- [Problem description]:
In this exercise, write out the data word for word and leave every image out.

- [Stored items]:

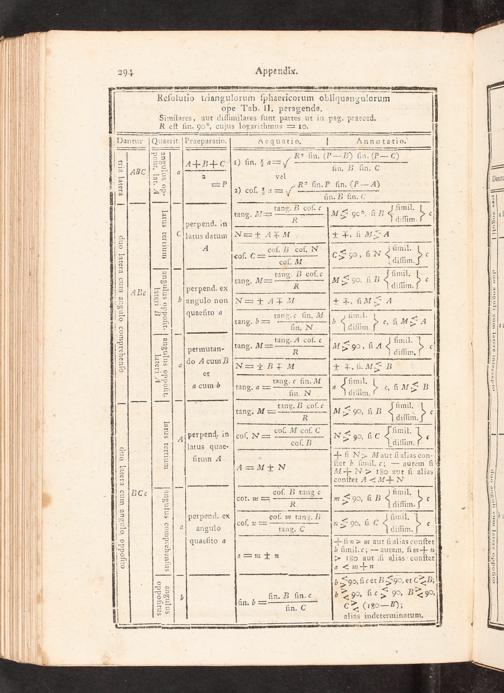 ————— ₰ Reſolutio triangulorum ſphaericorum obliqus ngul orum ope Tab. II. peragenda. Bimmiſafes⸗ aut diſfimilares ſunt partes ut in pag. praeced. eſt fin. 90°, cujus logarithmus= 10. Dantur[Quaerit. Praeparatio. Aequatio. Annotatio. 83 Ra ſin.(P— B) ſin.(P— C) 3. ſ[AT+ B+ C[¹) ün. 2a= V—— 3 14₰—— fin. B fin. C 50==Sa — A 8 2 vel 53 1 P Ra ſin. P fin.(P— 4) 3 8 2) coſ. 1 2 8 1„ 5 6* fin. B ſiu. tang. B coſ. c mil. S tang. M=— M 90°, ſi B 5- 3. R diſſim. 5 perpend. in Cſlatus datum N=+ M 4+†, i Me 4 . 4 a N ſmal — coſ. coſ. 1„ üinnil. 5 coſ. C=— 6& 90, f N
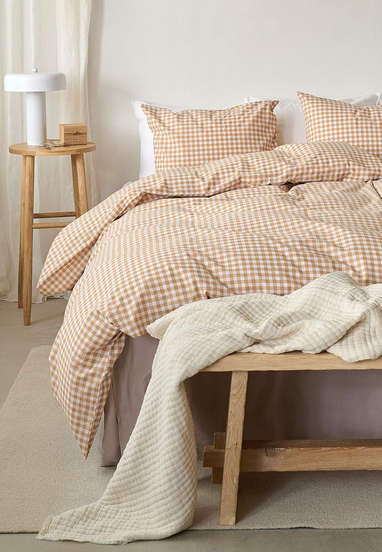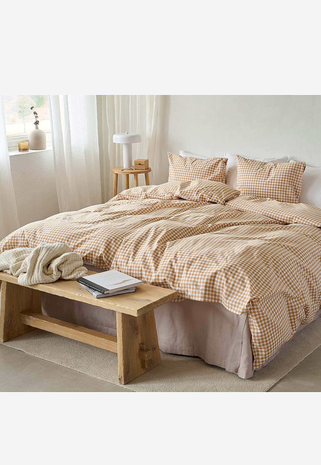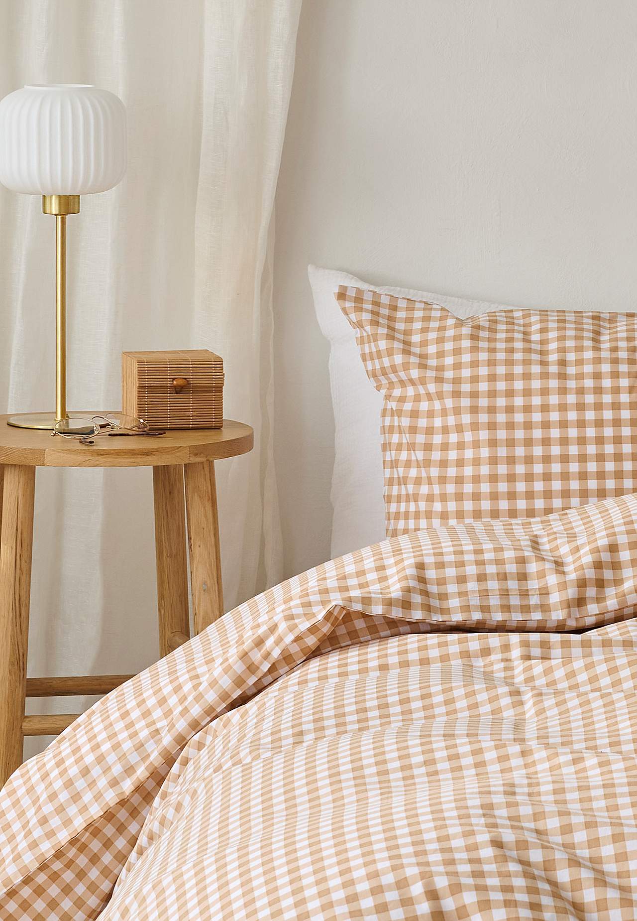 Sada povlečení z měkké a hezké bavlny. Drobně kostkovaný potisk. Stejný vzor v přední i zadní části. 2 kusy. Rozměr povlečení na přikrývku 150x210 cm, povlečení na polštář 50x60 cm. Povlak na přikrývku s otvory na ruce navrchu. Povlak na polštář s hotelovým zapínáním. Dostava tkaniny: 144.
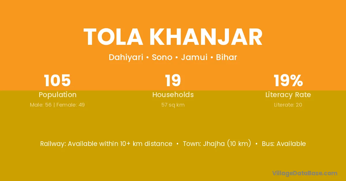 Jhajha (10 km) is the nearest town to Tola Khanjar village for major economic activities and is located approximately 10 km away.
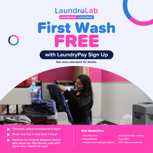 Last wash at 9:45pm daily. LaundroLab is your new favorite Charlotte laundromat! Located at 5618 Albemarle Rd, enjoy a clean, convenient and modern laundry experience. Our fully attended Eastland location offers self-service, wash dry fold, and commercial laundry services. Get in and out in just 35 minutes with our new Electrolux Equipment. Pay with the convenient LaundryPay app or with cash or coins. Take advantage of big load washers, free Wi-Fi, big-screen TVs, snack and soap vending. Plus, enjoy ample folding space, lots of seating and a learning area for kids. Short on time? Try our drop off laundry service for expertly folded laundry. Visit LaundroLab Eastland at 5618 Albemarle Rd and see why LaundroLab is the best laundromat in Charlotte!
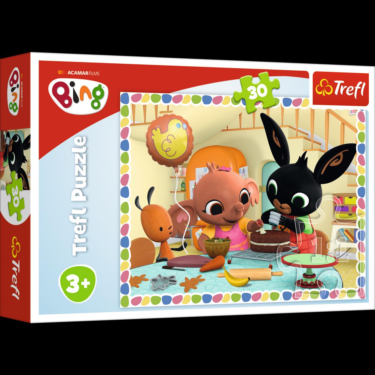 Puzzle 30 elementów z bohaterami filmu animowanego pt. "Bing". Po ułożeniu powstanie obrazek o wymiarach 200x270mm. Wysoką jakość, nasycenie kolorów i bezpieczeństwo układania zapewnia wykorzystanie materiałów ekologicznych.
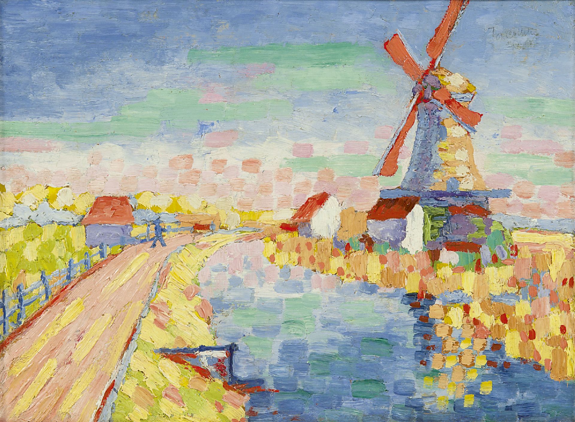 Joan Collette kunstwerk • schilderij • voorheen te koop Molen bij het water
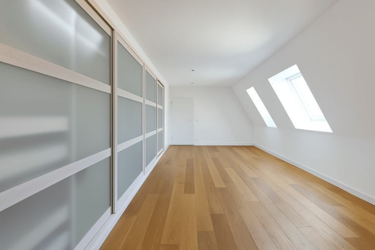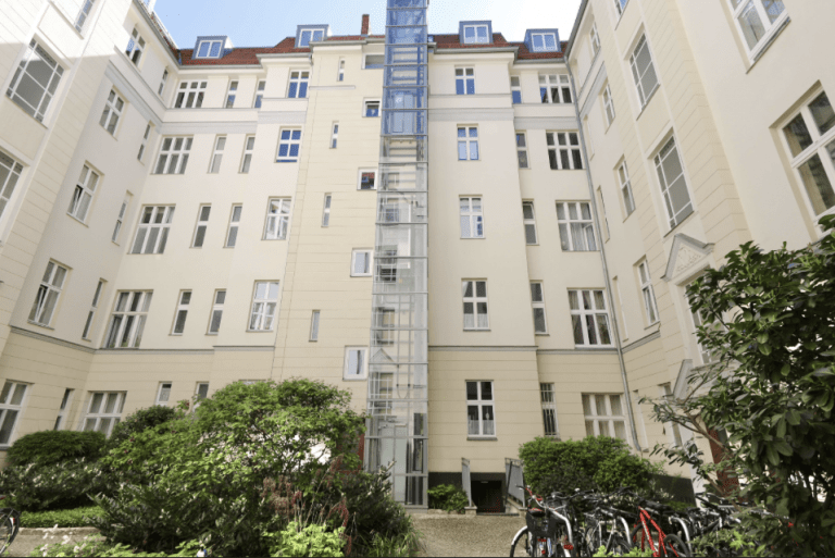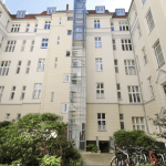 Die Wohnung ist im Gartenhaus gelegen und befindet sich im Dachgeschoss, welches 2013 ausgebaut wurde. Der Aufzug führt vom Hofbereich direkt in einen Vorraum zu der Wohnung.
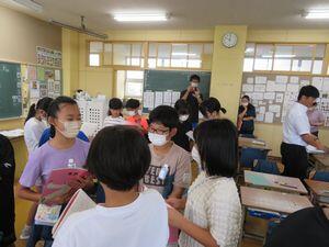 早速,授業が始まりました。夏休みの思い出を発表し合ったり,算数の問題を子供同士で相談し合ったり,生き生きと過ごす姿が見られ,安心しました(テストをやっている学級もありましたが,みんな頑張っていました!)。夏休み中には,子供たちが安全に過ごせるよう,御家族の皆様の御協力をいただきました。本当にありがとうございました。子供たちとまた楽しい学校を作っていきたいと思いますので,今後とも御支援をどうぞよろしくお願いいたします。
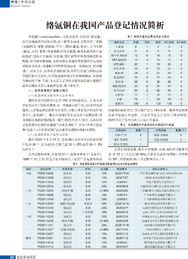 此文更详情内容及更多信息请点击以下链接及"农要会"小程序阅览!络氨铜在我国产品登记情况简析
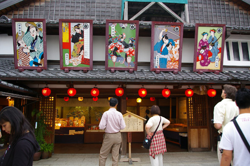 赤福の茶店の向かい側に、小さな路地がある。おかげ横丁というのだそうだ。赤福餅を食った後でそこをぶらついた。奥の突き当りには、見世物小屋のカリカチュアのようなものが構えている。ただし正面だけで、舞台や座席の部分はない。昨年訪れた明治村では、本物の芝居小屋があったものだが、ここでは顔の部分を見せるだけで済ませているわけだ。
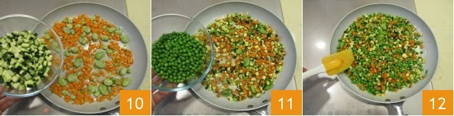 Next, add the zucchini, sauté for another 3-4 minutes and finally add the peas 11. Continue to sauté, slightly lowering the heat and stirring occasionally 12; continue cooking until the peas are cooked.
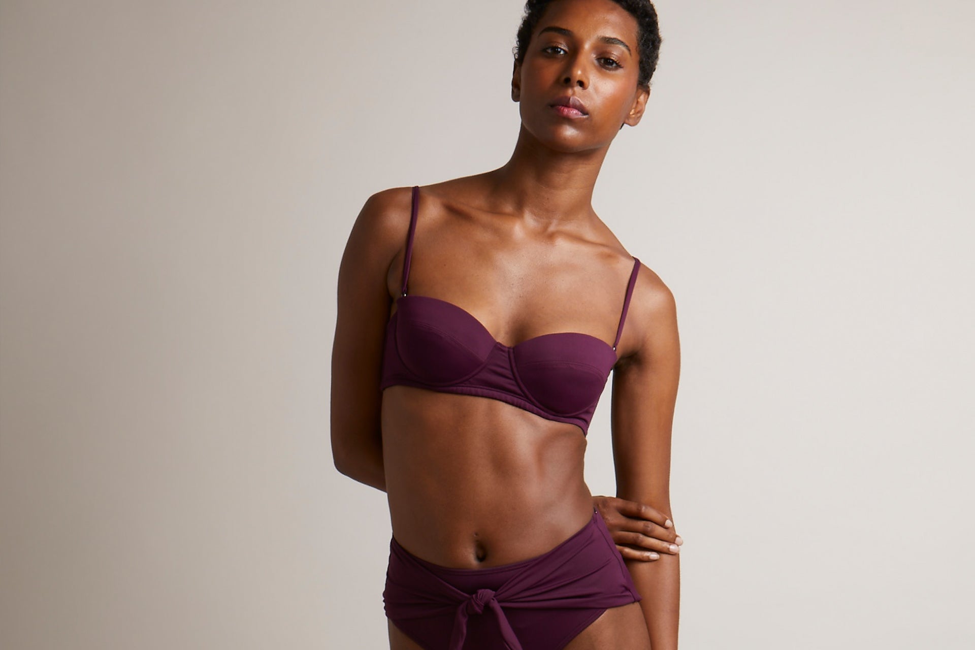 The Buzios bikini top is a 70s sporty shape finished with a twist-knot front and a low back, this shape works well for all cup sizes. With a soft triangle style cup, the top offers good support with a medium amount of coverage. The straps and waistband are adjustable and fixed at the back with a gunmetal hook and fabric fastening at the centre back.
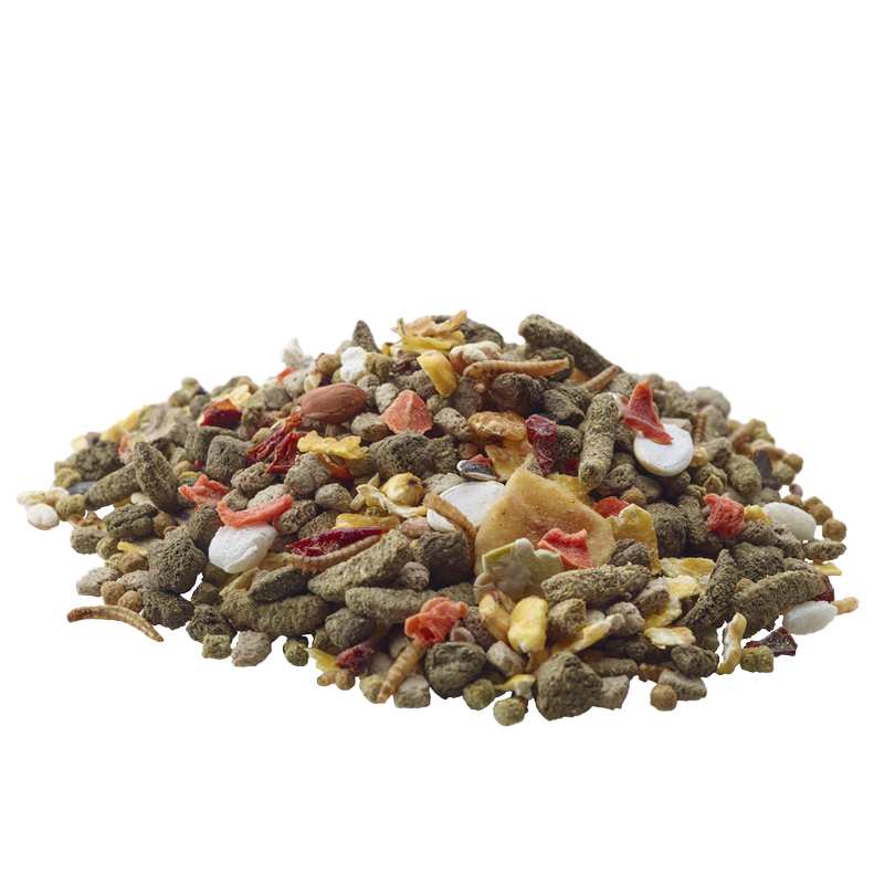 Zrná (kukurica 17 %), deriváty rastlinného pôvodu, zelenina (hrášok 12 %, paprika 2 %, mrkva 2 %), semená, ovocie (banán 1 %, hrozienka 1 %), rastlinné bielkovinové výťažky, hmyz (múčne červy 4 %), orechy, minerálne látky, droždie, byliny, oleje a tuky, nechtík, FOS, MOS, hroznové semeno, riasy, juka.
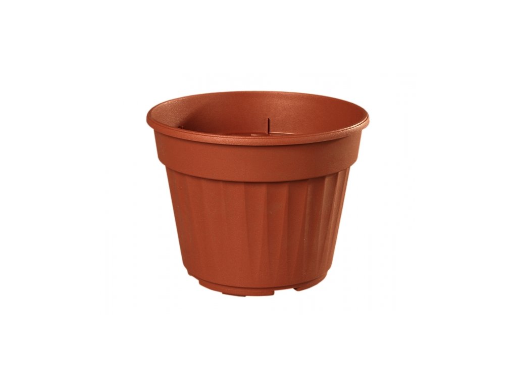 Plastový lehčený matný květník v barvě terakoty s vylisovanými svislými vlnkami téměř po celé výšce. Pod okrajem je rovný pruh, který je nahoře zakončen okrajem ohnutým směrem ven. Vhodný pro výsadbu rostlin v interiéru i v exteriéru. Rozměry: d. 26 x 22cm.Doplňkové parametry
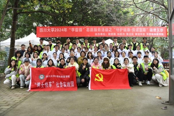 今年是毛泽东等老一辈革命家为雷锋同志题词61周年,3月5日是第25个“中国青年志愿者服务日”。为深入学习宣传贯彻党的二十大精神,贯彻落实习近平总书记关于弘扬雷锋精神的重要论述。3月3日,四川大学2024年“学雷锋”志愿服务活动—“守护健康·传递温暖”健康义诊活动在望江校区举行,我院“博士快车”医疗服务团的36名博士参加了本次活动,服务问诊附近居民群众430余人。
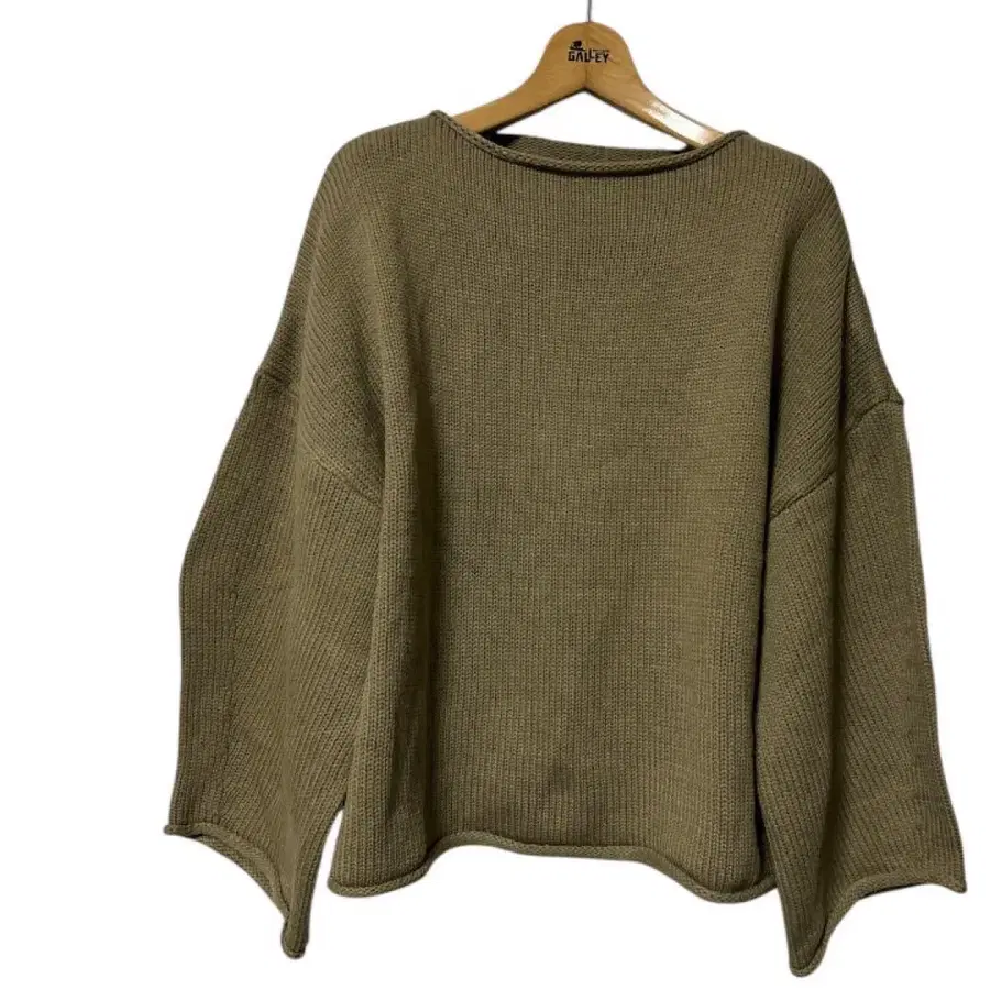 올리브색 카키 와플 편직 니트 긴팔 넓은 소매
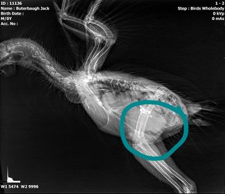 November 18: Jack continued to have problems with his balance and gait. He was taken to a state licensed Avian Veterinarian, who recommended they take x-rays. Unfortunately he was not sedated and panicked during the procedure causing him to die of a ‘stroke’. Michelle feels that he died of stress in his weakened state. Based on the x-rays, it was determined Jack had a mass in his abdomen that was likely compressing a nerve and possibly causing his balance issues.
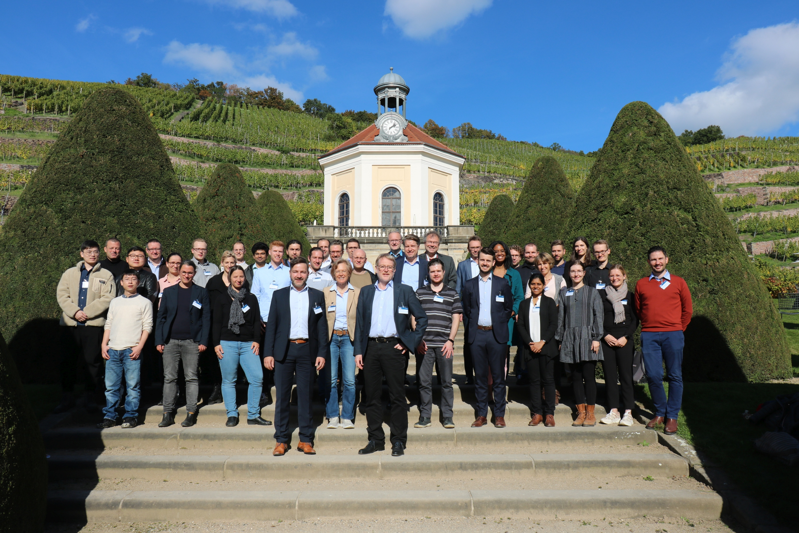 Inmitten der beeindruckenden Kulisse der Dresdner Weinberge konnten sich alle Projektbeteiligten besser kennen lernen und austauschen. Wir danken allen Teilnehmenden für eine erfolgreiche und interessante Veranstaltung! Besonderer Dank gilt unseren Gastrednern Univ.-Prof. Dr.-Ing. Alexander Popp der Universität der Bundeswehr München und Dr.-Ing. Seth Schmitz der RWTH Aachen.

- [Answer space]:
 ————— ₰ Reſolutio triangulorum ſphaericorum obliqus ngul orum ope Tab. II. peragenda. Bimmiſafes⸗ aut diſfimilares ſunt partes ut in pag. praeced. eſt fin. 90°, cujus logarithmus= 10. Dantur[Quaerit. Praeparatio. Aequatio. Annotatio. 83 Ra ſin.(P— B) ſin.(P— C) 3. ſ[AT+ B+ C[¹) ün. 2a= V—— 3 14₰—— fin. B fin. C 50==Sa — A 8 2 vel 53 1 P Ra ſin. P fin.(P— 4) 3 8 2) coſ. 1 2 8 1„ 5 6* fin. B ſiu. tang. B coſ. c mil. S tang. M=— M 90°, ſi B 5- 3. R diſſim. 5 perpend. in Cſlatus datum N=+ M 4+†, i Me 4 . 4 a N ſmal — coſ. coſ. 1„ üinnil. 5 coſ. C=— 6& 90, f N
 Sada povlečení z měkké a hezké bavlny. Drobně kostkovaný potisk. Stejný vzor v přední i zadní části. 2 kusy. Rozměr povlečení na přikrývku 150x210 cm, povlečení na polštář 50x60 cm. Povlak na přikrývku s otvory na ruce navrchu. Povlak na polštář s hotelovým zapínáním. Dostava tkaniny: 144.
 Jhajha (10 km) is the nearest town to Tola Khanjar village for major economic activities and is located approximately 10 km away.
 Last wash at 9:45pm daily. LaundroLab is your new favorite Charlotte laundromat! Located at 5618 Albemarle Rd, enjoy a clean, convenient and modern laundry experience. Our fully attended Eastland location offers self-service, wash dry fold, and commercial laundry services. Get in and out in just 35 minutes with our new Electrolux Equipment. Pay with the convenient LaundryPay app or with cash or coins. Take advantage of big load washers, free Wi-Fi, big-screen TVs, snack and soap vending. Plus, enjoy ample folding space, lots of seating and a learning area for kids. Short on time? Try our drop off laundry service for expertly folded laundry. Visit LaundroLab Eastland at 5618 Albemarle Rd and see why LaundroLab is the best laundromat in Charlotte!
 Puzzle 30 elementów z bohaterami filmu animowanego pt. "Bing". Po ułożeniu powstanie obrazek o wymiarach 200x270mm. Wysoką jakość, nasycenie kolorów i bezpieczeństwo układania zapewnia wykorzystanie materiałów ekologicznych.
 Joan Collette kunstwerk • schilderij • voorheen te koop Molen bij het water
 Die Wohnung ist im Gartenhaus gelegen und befindet sich im Dachgeschoss, welches 2013 ausgebaut wurde. Der Aufzug führt vom Hofbereich direkt in einen Vorraum zu der Wohnung.
 早速,授業が始まりました。夏休みの思い出を発表し合ったり,算数の問題を子供同士で相談し合ったり,生き生きと過ごす姿が見られ,安心しました(テストをやっている学級もありましたが,みんな頑張っていました!)。夏休み中には,子供たちが安全に過ごせるよう,御家族の皆様の御協力をいただきました。本当にありがとうございました。子供たちとまた楽しい学校を作っていきたいと思いますので,今後とも御支援をどうぞよろしくお願いいたします。
 此文更详情内容及更多信息请点击以下链接及"农要会"小程序阅览!络氨铜在我国产品登记情况简析
 赤福の茶店の向かい側に、小さな路地がある。おかげ横丁というのだそうだ。赤福餅を食った後でそこをぶらついた。奥の突き当りには、見世物小屋のカリカチュアのようなものが構えている。ただし正面だけで、舞台や座席の部分はない。昨年訪れた明治村では、本物の芝居小屋があったものだが、ここでは顔の部分を見せるだけで済ませているわけだ。
 Next, add the zucchini, sauté for another 3-4 minutes and finally add the peas 11. Continue to sauté, slightly lowering the heat and stirring occasionally 12; continue cooking until the peas are cooked.
 The Buzios bikini top is a 70s sporty shape finished with a twist-knot front and a low back, this shape works well for all cup sizes. With a soft triangle style cup, the top offers good support with a medium amount of coverage. The straps and waistband are adjustable and fixed at the back with a gunmetal hook and fabric fastening at the centre back.
 Zrná (kukurica 17 %), deriváty rastlinného pôvodu, zelenina (hrášok 12 %, paprika 2 %, mrkva 2 %), semená, ovocie (banán 1 %, hrozienka 1 %), rastlinné bielkovinové výťažky, hmyz (múčne červy 4 %), orechy, minerálne látky, droždie, byliny, oleje a tuky, nechtík, FOS, MOS, hroznové semeno, riasy, juka.
 Plastový lehčený matný květník v barvě terakoty s vylisovanými svislými vlnkami téměř po celé výšce. Pod okrajem je rovný pruh, který je nahoře zakončen okrajem ohnutým směrem ven. Vhodný pro výsadbu rostlin v interiéru i v exteriéru. Rozměry: d. 26 x 22cm.Doplňkové parametry
 今年是毛泽东等老一辈革命家为雷锋同志题词61周年,3月5日是第25个“中国青年志愿者服务日”。为深入学习宣传贯彻党的二十大精神,贯彻落实习近平总书记关于弘扬雷锋精神的重要论述。3月3日,四川大学2024年“学雷锋”志愿服务活动—“守护健康·传递温暖”健康义诊活动在望江校区举行,我院“博士快车”医疗服务团的36名博士参加了本次活动,服务问诊附近居民群众430余人。
 올리브색 카키 와플 편직 니트 긴팔 넓은 소매
 November 18: Jack continued to have problems with his balance and gait. He was taken to a state licensed Avian Veterinarian, who recommended they take x-rays. Unfortunately he was not sedated and panicked during the procedure causing him to die of a ‘stroke’. Michelle feels that he died of stress in his weakened state. Based on the x-rays, it was determined Jack had a mass in his abdomen that was likely compressing a nerve and possibly causing his balance issues.
 Inmitten der beeindruckenden Kulisse der Dresdner Weinberge konnten sich alle Projektbeteiligten besser kennen lernen und austauschen. Wir danken allen Teilnehmenden für eine erfolgreiche und interessante Veranstaltung! Besonderer Dank gilt unseren Gastrednern Univ.-Prof. Dr.-Ing. Alexander Popp der Universität der Bundeswehr München und Dr.-Ing. Seth Schmitz der RWTH Aachen.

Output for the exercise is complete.